Records drawn from a dataset:

· · · ·

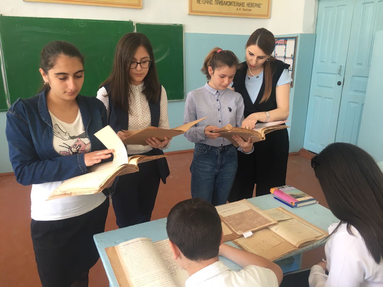 17 мая 2018 года состоялись школьные уроки для учащихся г. Дербента на тему "Традиции сохранения архивного наследия г. Дербент", проводимые в рамках празднования 100-летия государственной архивной службы России и 95-летия архивной службы Дагестан. Работники архивного отдела посетили МБОУ "Средняя общеобразовательная школа- № 1" им. В. Громаковского городского округа "город Дербент". Учащиеся были ознакомлены с историей и деятельностью архивного учреждения, составом объема фондов архива, а так же выполнениями задач, поставленные перед работниками отдела для сохранения документов, которые относятся к исторической ценности. Так же школьниками для обозрения были представлены документы Фонда № 2 "Горисполком" за 1925г., 1930г., 1940г.
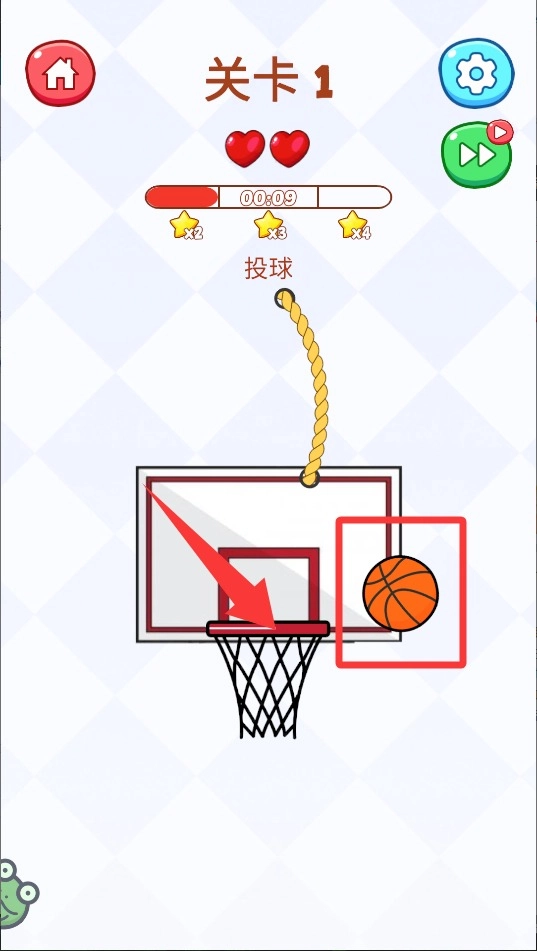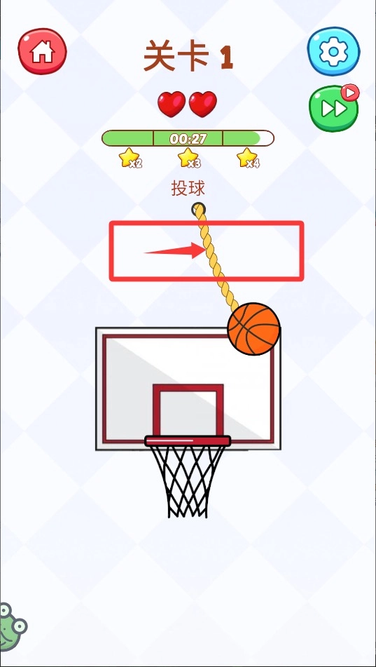 3、成功清除障碍后会出现篮球发射装置,调整角度并点击投掷按钮将球准确送入篮筐完成趣味互动。
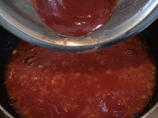 3.沸騰したら、ケチャップを加え、さらに弱火で10分ほど煮込みます。
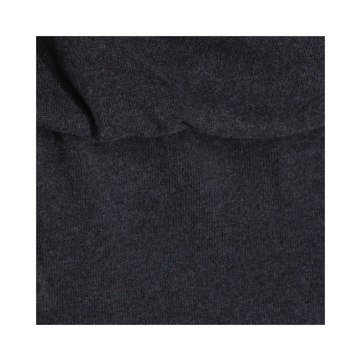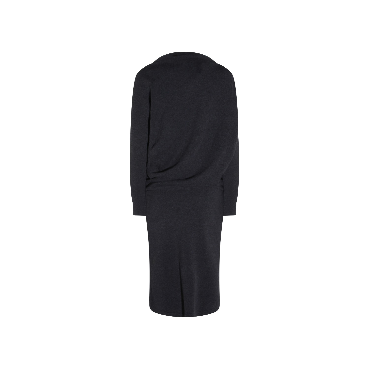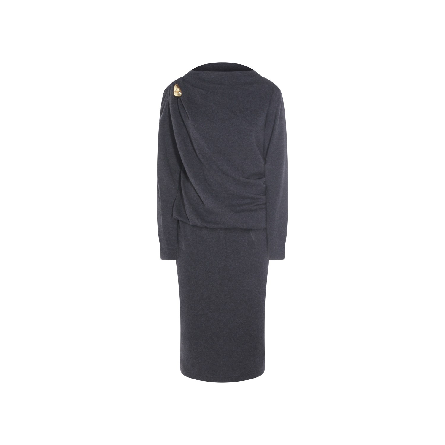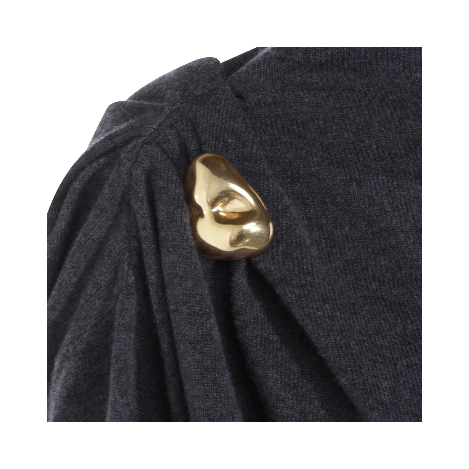 Blue wool dress from Fabiana Filippi featuring high collar, long sleeves, gold pin detail, draped details and soft vestibility.
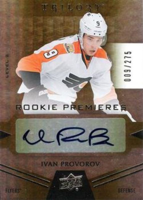 The Ivan Provorov 2016 Upper Deck Trilogy #91 Base /275 Rookie card is 1 of 9 Ivan Provorov's card variations in the 2016 Upper Deck Trilogy set being tracked by Sports Card Investor, including #124 Base /275, #58 Base /275, #91 Green Rainbow Foil /352, #124 Green Rainbow Foil /352, and #58 Green Rainbow Foil /352.

· · · ·

• _Work item_: Starting with the line that contains "3.沸騰したら、ケチャップを加え、さらに弱火で10分ほど煮込みます。" and ending with the last line of the data above, transcribe exactly those lines and no others, without pictures.

• _Output of the task_:
 3.沸騰したら、ケチャップを加え、さらに弱火で10分ほど煮込みます。
 Blue wool dress from Fabiana Filippi featuring high collar, long sleeves, gold pin detail, draped details and soft vestibility.
 The Ivan Provorov 2016 Upper Deck Trilogy #91 Base /275 Rookie card is 1 of 9 Ivan Provorov's card variations in the 2016 Upper Deck Trilogy set being tracked by Sports Card Investor, including #124 Base /275, #58 Base /275, #91 Green Rainbow Foil /352, #124 Green Rainbow Foil /352, and #58 Green Rainbow Foil /352.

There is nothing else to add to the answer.